Reddit claims that user data is secure, but:
Since we’re talking about security and safety, this is a good time to remind you how to protect your Reddit account. The most important (and simple) measure you can take is to set up 2FA (two-factor authentication) which adds an extra layer of security when you access your Reddit account. Learn how to enable 2FA in Reddit Help. And if you want to take it a step further, it’s always a good idea to update your password every couple of months – just make sure it’s strong and unique for greater protection.
Also: use a password manager! Besides providing great complicated passwords, they provide an extra layer of security by warning you before you use your password on a phishing site… because the domains won’t match!
Now I can’t tell if Reddit is saying this because there is a legitimate threat out there that they haven’t disclosed, or this is generally good advice. Which it is good advice from my view. But if you’re a Reddit user, you should likely take their advice just in case this turns into a LastPass type of situation.
UPDATE: Monti Knode, Director of Customer Success at Horizon3.ai has this comment:
“Another successful phishing campaign isn’t a surprise and shouldn’t be. This attack vector is successful because it can look so legit, from plausible prompts to cloning their intranet gateway. This attack further reinforces the fact that the old perceptions of a perimeter are dead and gaining access is almost trivial, while understanding the blast radius of a successful attack matters more than ever.
“What can an attacker do if they landed on a specific asset? What could they do with a specific credential? In what scenario is our sensitive data at risk? These are the questions we should all be asking, because it’s not a matter of if, but when.”

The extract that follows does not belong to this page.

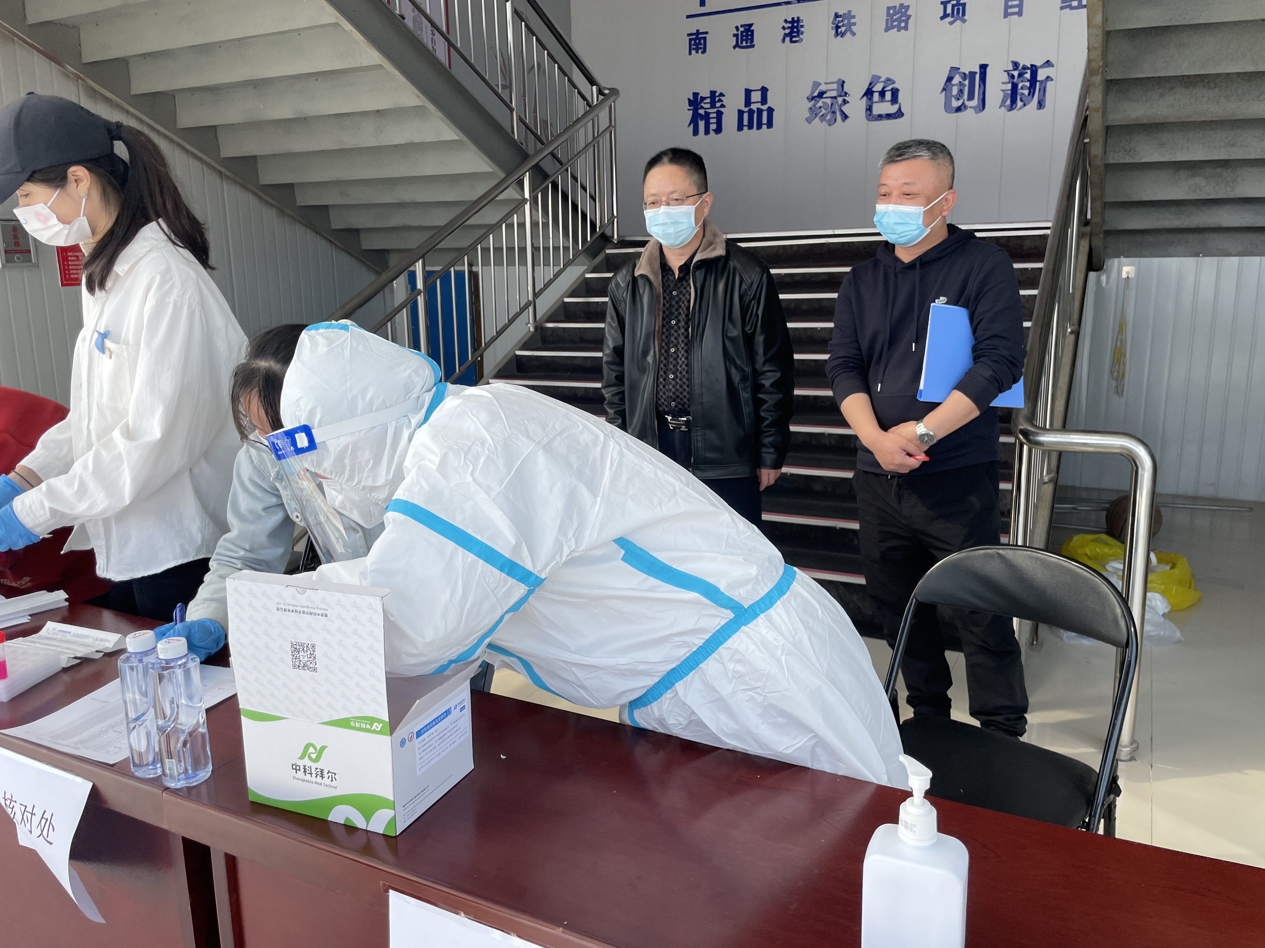 工作間隙,趙祖培認(rèn)真學(xué)習(xí)上級相關(guān)防疫要求、防疫知識,并通過推進(jìn)會、微信群等方式及時向各參建單位人員做好宣貫工作,引導(dǎo)他們正確認(rèn)識、科學(xué)對待疫情,為工程建設(shè)隊(duì)伍的安全穩(wěn)定提供了保障。他忙碌的身影,經(jīng)常穿梭于各項(xiàng)目部、施工點(diǎn),仔細(xì)檢查人員進(jìn)出“兩碼一測”登記、公共區(qū)域消毒、防疫物資準(zhǔn)備等情況,一旦發(fā)現(xiàn)問題,嚴(yán)肅要求整改,并跟蹤整改情況直至閉環(huán)。為降低疫情傳播風(fēng)險,他積極與轄區(qū)內(nèi)衛(wèi)生服務(wù)中心溝通協(xié)調(diào),多次把醫(yī)務(wù)人員請進(jìn)三個項(xiàng)目部,組織全體參建人員完成近2500人次的核酸監(jiān)測,不僅降低了疫情傳播風(fēng)險,還為工程建設(shè)贏得了時間。

Jesh Sax, Technical Account Manager at Tanium adds this:
“The techniques used at Reddit are all too familiar. Attackers are adapting to security techniques like multi-factor authentication and organizations need to take measures to mitigate potential vulnerabilities. Whether it’s physical security tokens or finding ways to authenticate both the user and the device that they’re logging in from, security teams need to continue to evolve.
“However, the fact that the user self-reported and the security team was able to catch things early on prevented this from becoming a much larger story. This speaks volumes to the culture that the security team has promoted at Reddit, where users feel comfortable speaking up when they’ve clicked on a phishing link. This type of security-aware culture is what every organization should strive for.”